Here is the Constraint Streams performance on Java 21 vs. Java 17:
Most cases show a small performance improvement when switching to Java 21. The "Conference Scheduling" benchmark is the only outlier, and with some extra work on the solver we can likely get the performance of that benchmark to improve as well.
It should be noted that we ran these benchmarks with ParallelGC
as the garbage collector (GC),
instead of the default G1GC
.
Later in this post we’ll explain why.
Real-world benchmarks
Now that we’ve seen the micro-benchmarks, it’s time to compare them to real-world solver performance. This includes the entire solver, not just the score calculation part.

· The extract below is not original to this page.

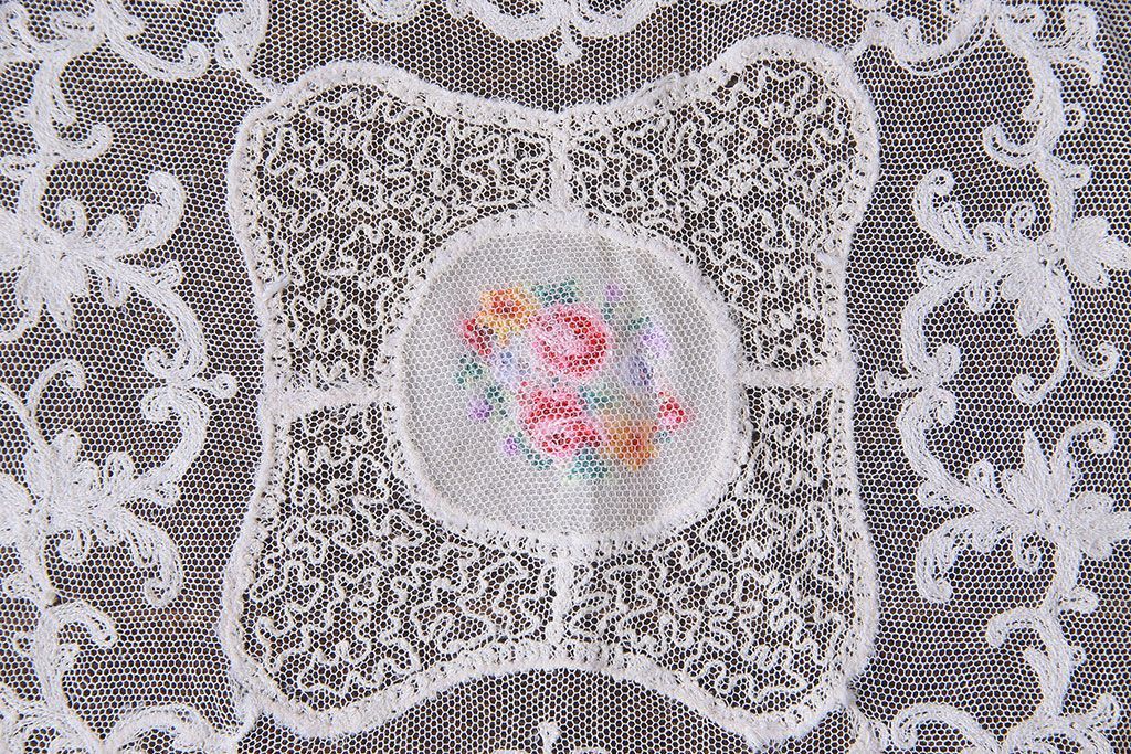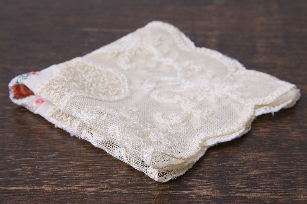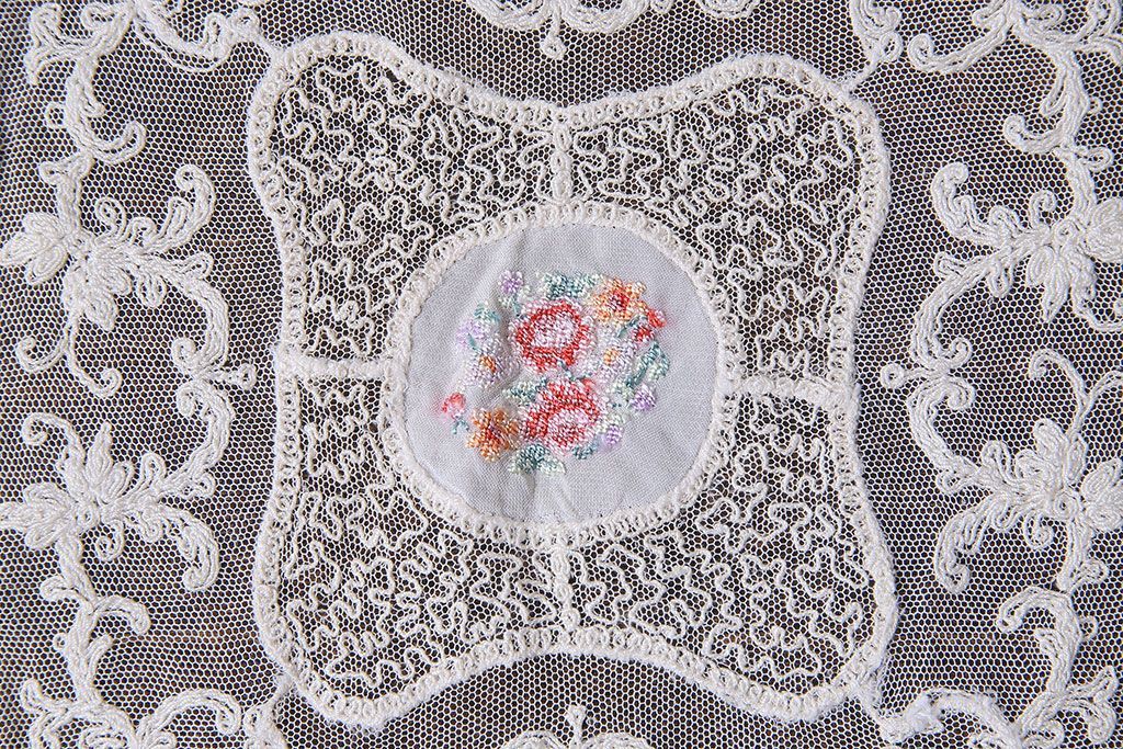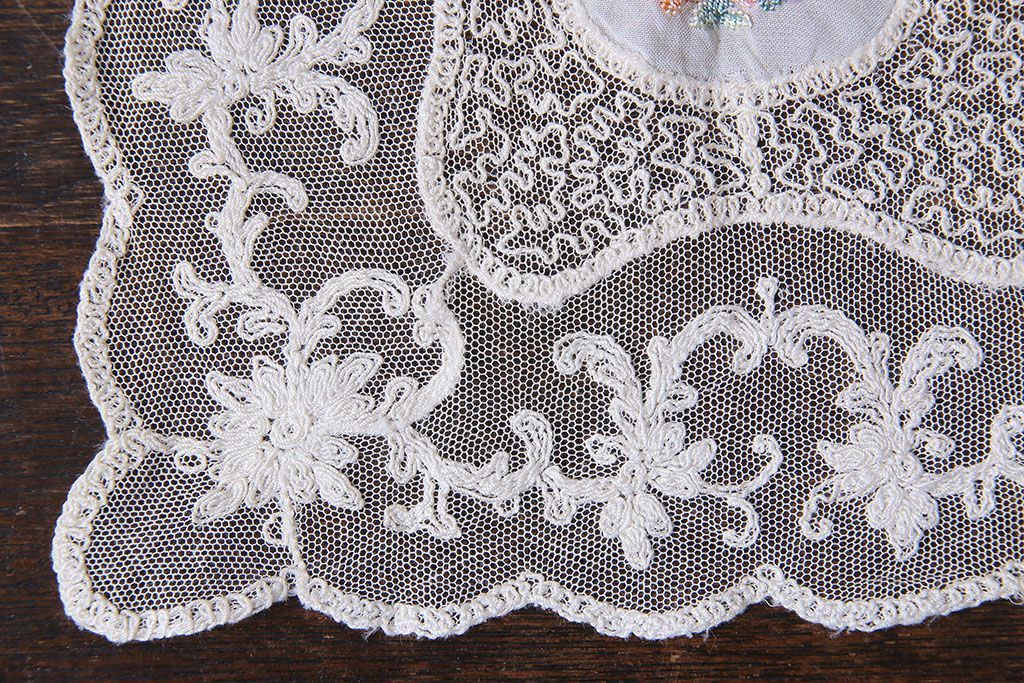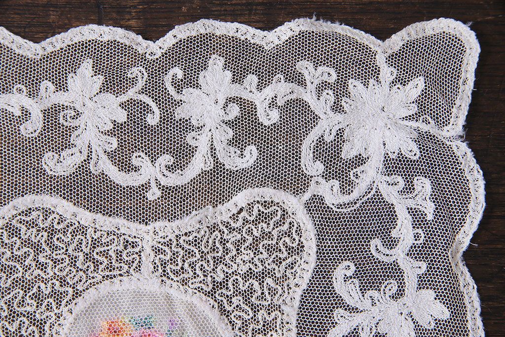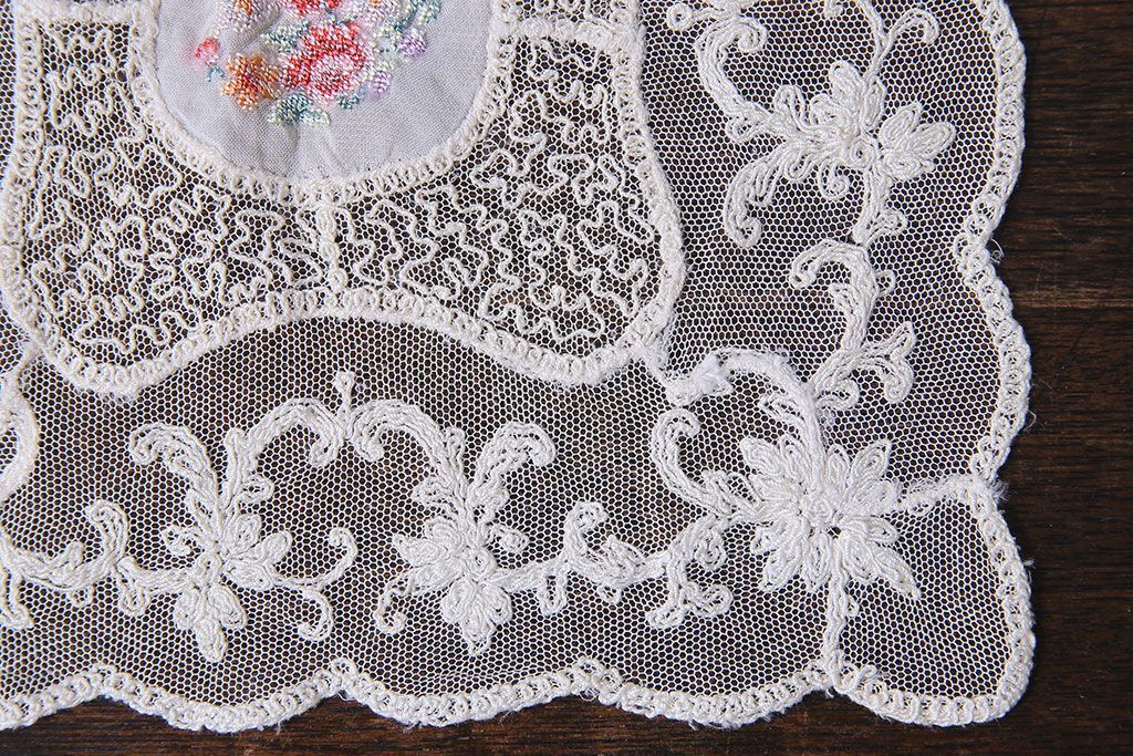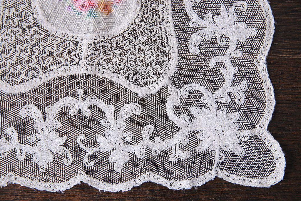 アンティーク雑貨 イギリスビンテージ カラフルな花のプチポワン刺繍が愛らしいドイリー(レース、クロス)(2)

We ran the solver manually in 10 different JVM forks, and used the median score calculation speed.
We selected a subset of the available benchmarks, to keep the run time short;
the selection is representative of the entire benchmark suite in terms of heuristics used and code paths exercised.
Once again, ParallelGC
is used as the garbage collector.
Here are the results:
There are no surprises here. We see small performance improvements across the board, confirming the results of the micro-benchmarks. Compared to the micro-benchmarks, "Conference Scheduling" no longer registers as an outlier, which is interesting and will serve as another data point in our investigation into that possible regression.

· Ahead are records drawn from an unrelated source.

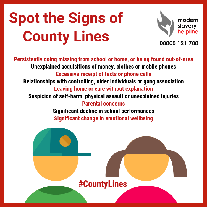 #CountyLines drugs gangs often exploit children and the vulnerable to make big profits. Ensure you can spot the signs of county lines exploitation and call the@MSHelpline for support and guidance.pic.twitter.com/M9RJDH5646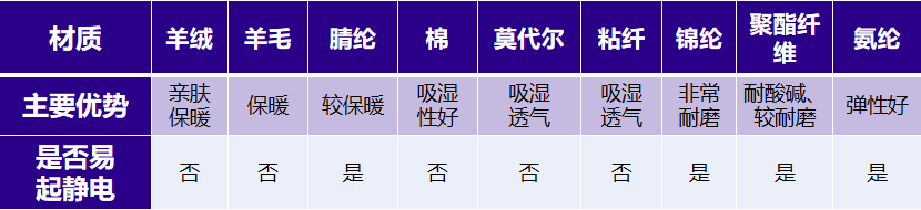 老人、皮肤干燥、怕静电的人:选羊绒、羊毛、棉、莫代尔、粘纤材质。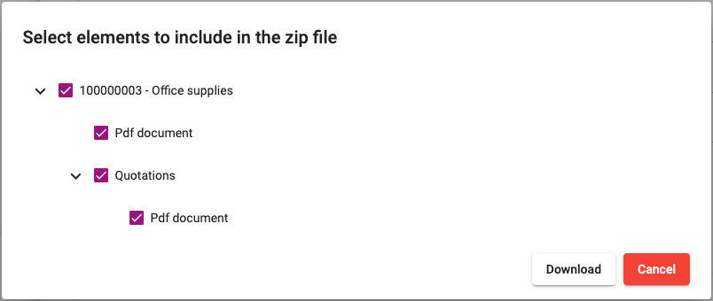 You can tick which documents you would like to download. After clicking the Download button, all selected documents will be downloaded in a single ZIP file.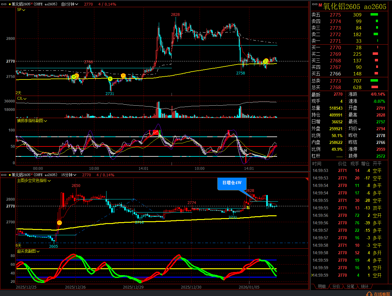 氧化铝2605:开盘后上行到2828 ,前高2850压力 下午急速下跌 最低2758 做了几跳反弹: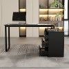 - This desk is equipped with a variety of storage solutions, including drawers and open shelves, offering users the flexibility to store books, files, office supplies, and more. Its modular design allows it to adapt to different storage requirements. Furthermore, the desk features an L-shaped design, which provides additional workspace for multitasking.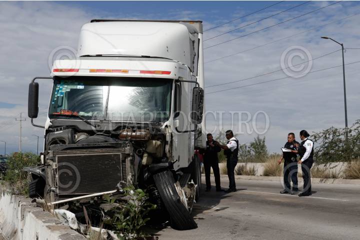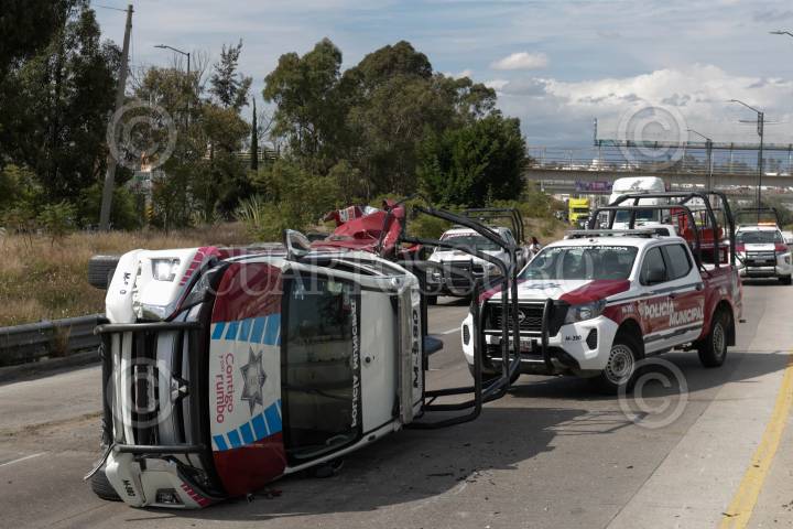 PUEBLA, PUEBLA, 15DICIEMBRE2023.- Una persecución por el robo de un trailer terminó con una patrulla volcada, tres civiles lesionados, un auto chocado y la detención de dos presuntos responsables. El suceso tuvo lugar en el Periférico Ecológico de la ciudad de Puebla. FOTO: MIREYA NOVO/CUARTOSCURO.COM

Since we haven’t established a formal interval of confidence for these large benchmarks, we can’t say with certainty that the improvements are statistically significant. However, the fluctuations observed between runs have been small enough to give us confidence in the results.
Why ParallelGC
?
In the years that we’ve been working with the Timefold Solver and its predecessor, OptaPlanner,
we’ve found that ParallelGC
is the best garbage collector for the solver.
This should not be surprising - ParallelGC
is tailored for high throughput,
and the solver is 100 % CPU-bound.
G1GC
(the default garbage collector) is instead tailored for low latency,
and that makes a considerable difference.

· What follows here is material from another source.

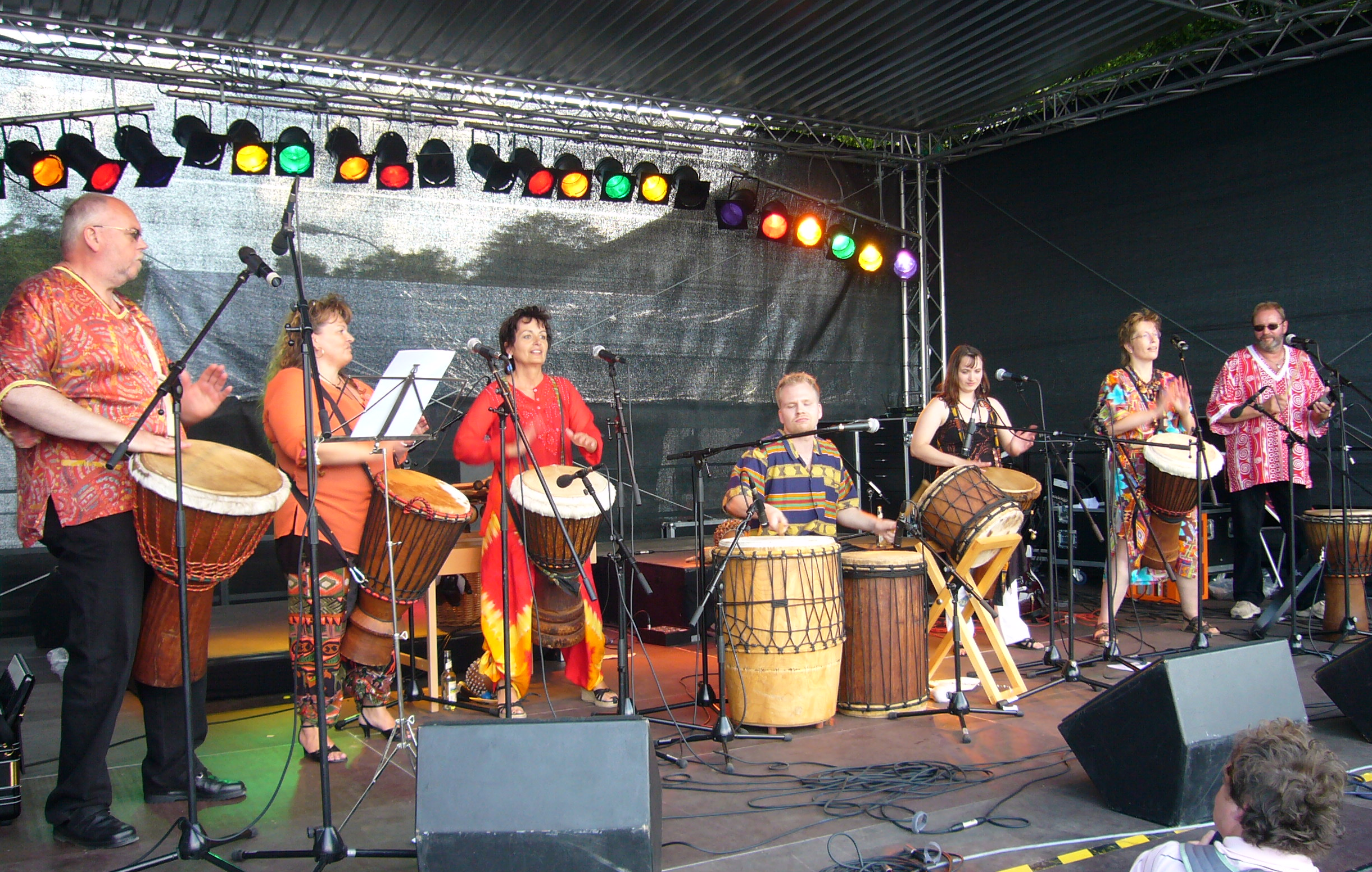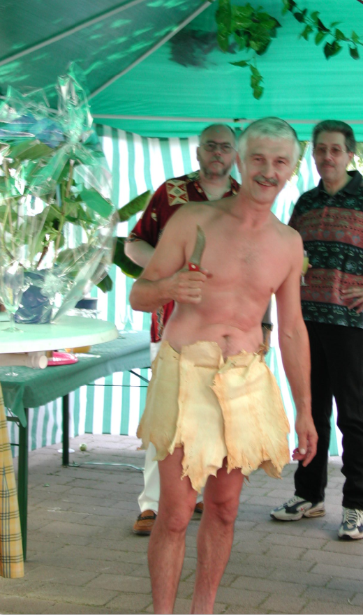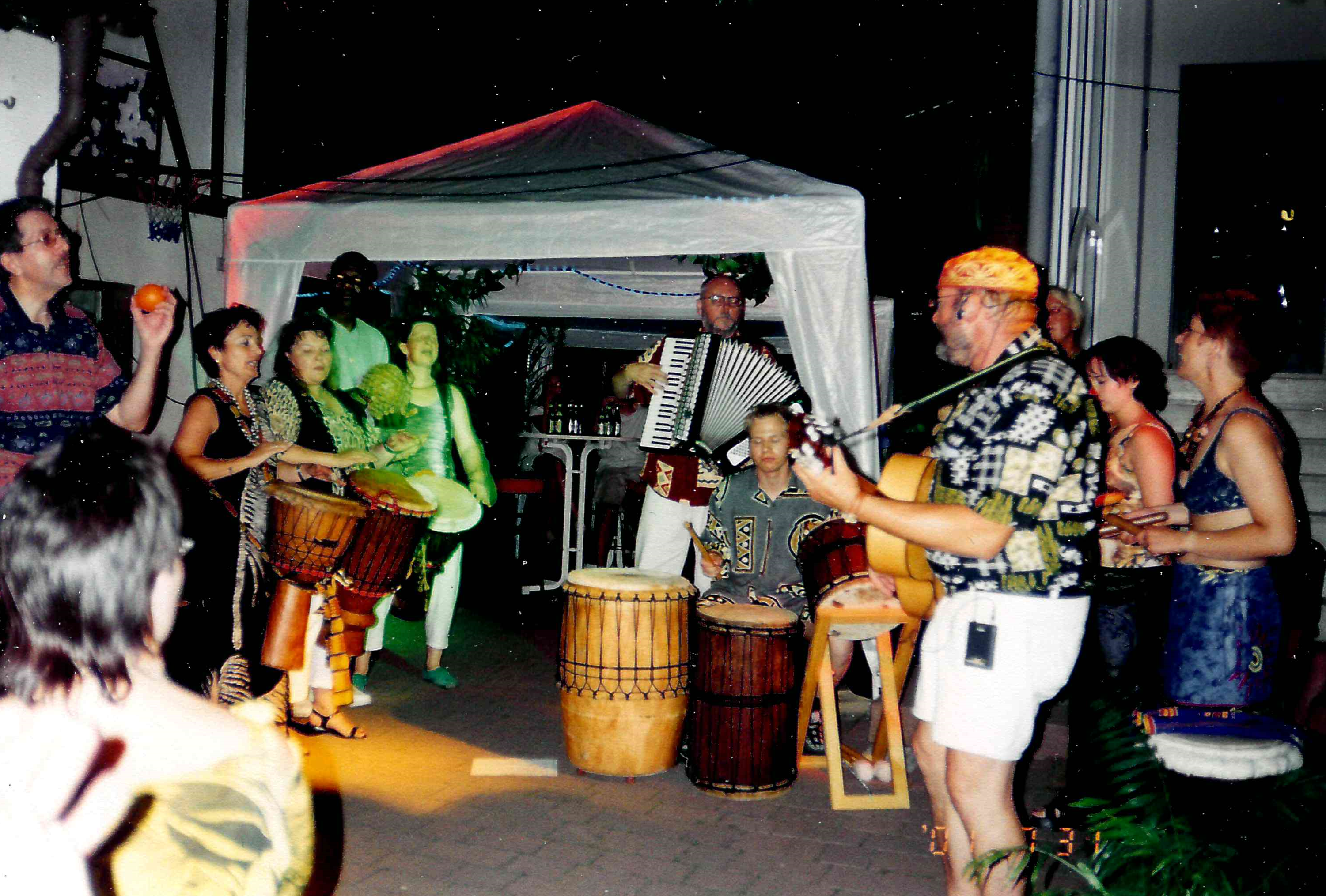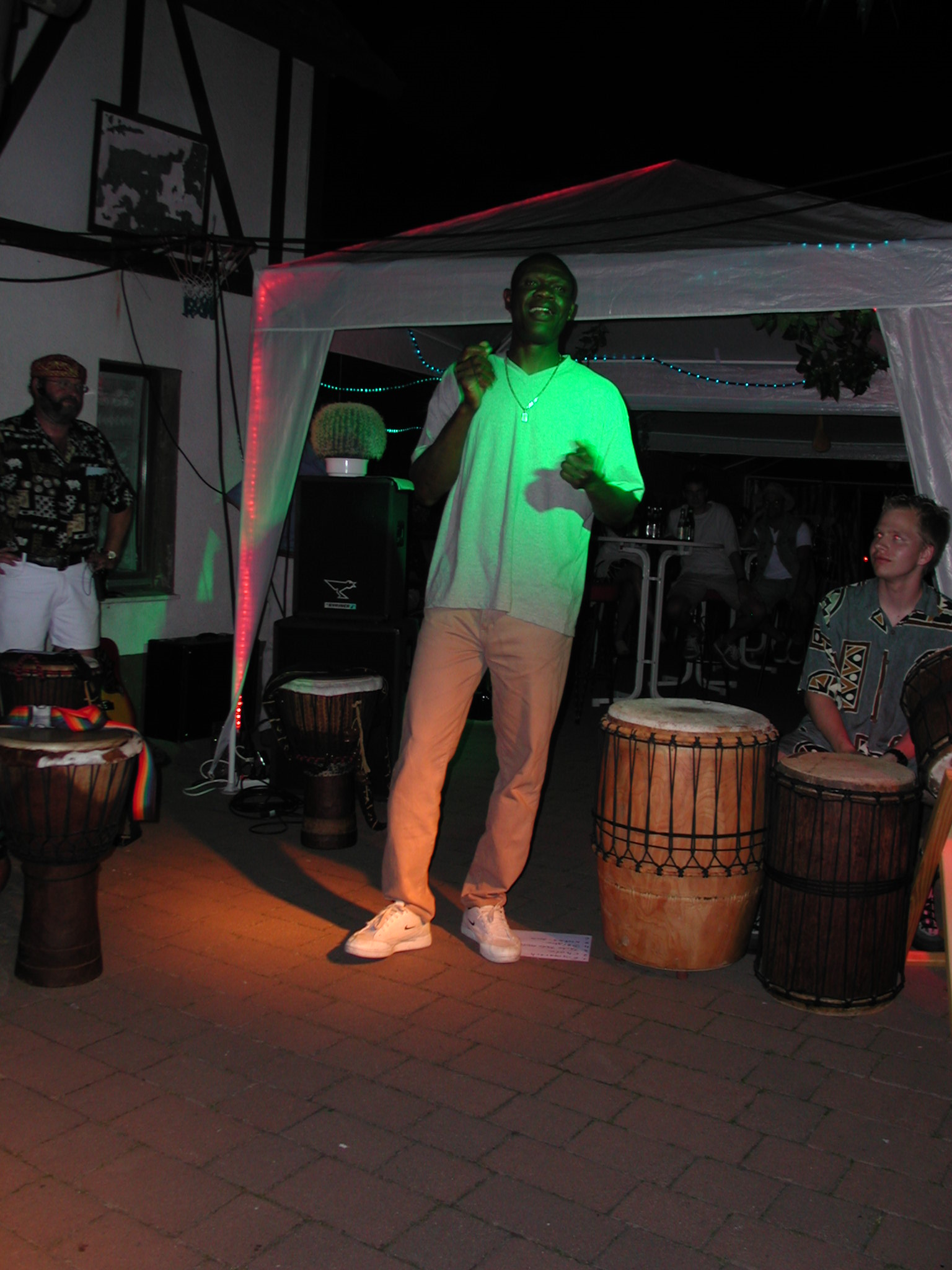 Eine Dschungelparty mit 68 Gästen, Familie, Bekannten einschl. der Band meines Mannes, der Männerchor, der Musikverein und unsere Trommelgruppe, die Afro-Percussion-Formation Dzigbo, fand in unserem Hof statt.

However, things change and we occasionally need to challenge our assumptions.
Is ParallelGC
still the best GC for the solver?
The following chart shows the difference in performance between G1GC
(the baseline) and ParallelGC
.
And since Java 21 introduced generational ZGC, another GC aiming for low latency,
we thought it would be interesting to include that as well.
The results (obtained by the micro-benchmarks from earlier) are clear:
-
ParallelGC
continues to be the best GC for the solver. -
G1GC
comes second, but it’s considerably slower. -
ZGC is by far the worst of the three.
The situation may change if we increased the heap size available to the JVM as ParallelGC
does not scale well with large heaps,
but with -Xmx1G
, it is the clear winner.
(And 1GB of heap is more than enough for many use cases of Timefold Solver.)
Conclusion
In this post, we’ve shown that:
-
Timefold Solver 1.1.0 works perfectly fine with Java 21, no changes are needed.
-
Switching to Java 21 may bring a small performance improvement to your Timefold Solver application, but your mileage may vary slightly.
-
ParallelGC
continues to be the best garbage collector for the solver.
We encourage you to try Java 21 and make the switch. It is free after all, and you’ll be able to enjoy the latest and greatest Java platform.
Appendix A: Reproducing the results
These benchmarks use Timefold Solver 1.1.0, the latest version at the time of writing.
All benchmarks were run on Fedora Linux 38, with Intel Core i7-12700H
CPU and 32 GB of RAM.
We used OpenJDK Runtime Environment Temurin-17.0.8+7 (build 17.0.8+7)
(available as 17.0.8-tem
on SDKMAN)
and OpenJDK Runtime Environment (build 21+35-2513)
(available as 21.ea.35-open
on SDKMAN).
Source code of the micro-benchmarks can be found in my own personal repository.
The real-world benchmarks were run using timefold-solver-benchmark
,
this configuration and a simple script.
(You’ll need timefold-solver-examples
on the classpath.)
All data used for the charts can be found in this spreadsheet.